日々とは、静かに続いていくものだと思います。

しばらく前に、北海道に住んでいる知人が亡くなりました。闘病していたその人の 訃報を親から聞いたとき、私は人の死んでいく事とは何をしても止められない事 なのだ、とショックを受けました。

それでも日々はあまり変わらずに、静かなまま、続いています。

 

この組写真は、この四年間で私が撮りためたものから選んだものです。日々カメラを持ち歩き、写した写真は、私の生きている時間をうつしとったものと言えます。

私たちはみな生きて、そして死んでいくという点で共通しています。

この写真を見た人の日々にも、私の写した日々と共通する瞬間があるのではないでしょうか。

 

所々で挟まれる赤色が入った写真があります。
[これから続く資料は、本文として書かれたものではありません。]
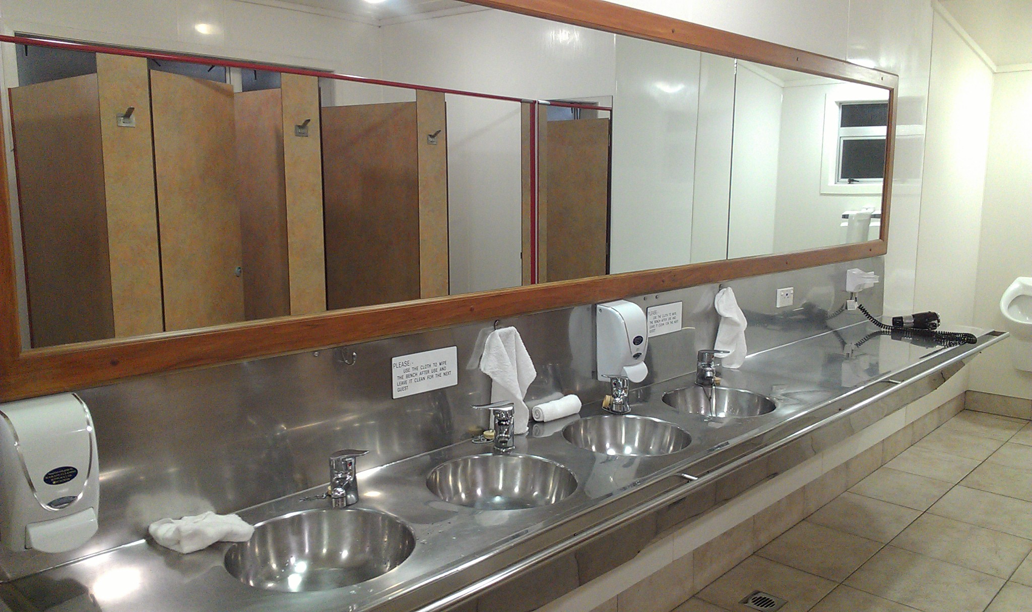 浴室沒有Ohkune這麼酷的暖燈,但是也是相當乾淨。在使用前,要按一顆按鈕,並且上面寫一次熱水只供應七分鐘,算是提醒露營客善用資源的作法。我總之沒有被冷到,我覺得上面寫的可能是提醒性質居多吧。每一個洗手台旁邊都有一塊布,希望旅客在使用後可以隨手請理,永保五星級的廁所水準。
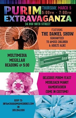 Chabad Miami Shores presents a Purim celebration featuring The Daniel Show, Multimedia Megillah, and a delicious Purim feast. Come in costume! RSVP to info@chabadmiamishores.com
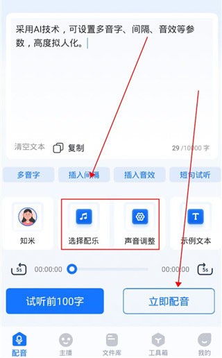 4、完成选择后,可对背景音乐和声音间距进行设置,随后点击“立即配音”按钮即可
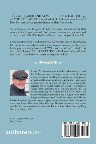This is the LEAKED AND ALMOST FULLY REDACTED copy of "THE RAT PAPERS ". Contained within is the sworn testimony of Benedict, perhaps our greatest Traitor, or Hero. You decide. You will learn about the pack of highly-intelligent New York City Rats who, with the help of some odd-ball human mercenaries, have connived to take control of the "Civilized" world - and how their plot almost failed. Some might say what is told here reveals a Dystopian version of our world. Of course, this depends upon which world you are residing in at present. In the past, you might have heard: "What will be, will be." ...And "It is what it is." However, THE RAT PAPERS will tell you "What will be is what it is." ...And why you better be prepared to duck.

この写真の赤は、血の色を 示しています。

昔、料理中に指を切ってしまったことがあります。そのときに吹き零れる血の 温かさに、ああ自分は生きているのだ、とはっとしました。

血というものは、ふとした拍子に表出して、私たちに己の生を突きつけます。

そのような役割を持たせるため、こうした写真を配置しました。

 

また、水がないと私たちは生きていくことができません。絶えず私たちの周りを 巡る水の象徴として、雲や水のイメージを含ませています。

 

体の外では水が、内側では血が巡る世界で、私はこれからも、いつかおとずれる 自分が終わるときまで、生きて行くのだと思います。